## Directions for this task
In the data below, the answer is the run of lines from the line containing "Trad. (sov. Léon" through the line containing "DuoStand – where", both included; print it exactly and nothing else.

-------- Entries shown --------

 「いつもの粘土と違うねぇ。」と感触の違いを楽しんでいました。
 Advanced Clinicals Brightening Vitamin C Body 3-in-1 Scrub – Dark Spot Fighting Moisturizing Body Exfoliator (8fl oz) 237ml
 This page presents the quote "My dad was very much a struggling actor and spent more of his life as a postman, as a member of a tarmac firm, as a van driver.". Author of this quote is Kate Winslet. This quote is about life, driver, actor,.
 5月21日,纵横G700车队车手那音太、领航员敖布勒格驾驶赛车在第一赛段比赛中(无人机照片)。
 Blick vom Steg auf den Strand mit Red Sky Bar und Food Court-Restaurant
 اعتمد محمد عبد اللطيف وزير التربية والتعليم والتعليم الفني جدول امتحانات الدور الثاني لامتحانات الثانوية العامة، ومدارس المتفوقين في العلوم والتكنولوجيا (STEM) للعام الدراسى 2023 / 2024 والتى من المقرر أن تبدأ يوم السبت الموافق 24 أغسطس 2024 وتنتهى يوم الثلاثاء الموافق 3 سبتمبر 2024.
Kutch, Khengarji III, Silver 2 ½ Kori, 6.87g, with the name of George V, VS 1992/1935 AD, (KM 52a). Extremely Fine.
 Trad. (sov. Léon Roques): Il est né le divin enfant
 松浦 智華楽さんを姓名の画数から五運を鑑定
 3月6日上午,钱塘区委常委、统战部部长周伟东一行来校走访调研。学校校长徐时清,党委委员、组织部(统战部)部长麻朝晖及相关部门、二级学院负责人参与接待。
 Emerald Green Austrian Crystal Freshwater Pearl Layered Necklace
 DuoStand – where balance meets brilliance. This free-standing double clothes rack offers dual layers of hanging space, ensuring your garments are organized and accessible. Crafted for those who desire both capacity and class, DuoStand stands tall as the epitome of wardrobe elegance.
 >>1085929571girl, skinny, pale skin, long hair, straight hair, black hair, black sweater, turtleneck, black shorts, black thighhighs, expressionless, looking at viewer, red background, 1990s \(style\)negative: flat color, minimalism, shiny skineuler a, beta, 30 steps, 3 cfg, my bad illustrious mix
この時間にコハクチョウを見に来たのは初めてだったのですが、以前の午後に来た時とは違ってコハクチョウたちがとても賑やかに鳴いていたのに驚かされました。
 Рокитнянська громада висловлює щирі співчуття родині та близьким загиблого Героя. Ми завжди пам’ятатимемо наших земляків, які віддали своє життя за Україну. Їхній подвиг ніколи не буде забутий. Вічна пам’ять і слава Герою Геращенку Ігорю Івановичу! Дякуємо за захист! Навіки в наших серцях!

--------

## Written reply
 Trad. (sov. Léon Roques): Il est né le divin enfant
 松浦 智華楽さんを姓名の画数から五運を鑑定
 3月6日上午,钱塘区委常委、统战部部长周伟东一行来校走访调研。学校校长徐时清,党委委员、组织部(统战部)部长麻朝晖及相关部门、二级学院负责人参与接待。
 Emerald Green Austrian Crystal Freshwater Pearl Layered Necklace
 DuoStand – where balance meets brilliance. This free-standing double clothes rack offers dual layers of hanging space, ensuring your garments are organized and accessible. Crafted for those who desire both capacity and class, DuoStand stands tall as the epitome of wardrobe elegance.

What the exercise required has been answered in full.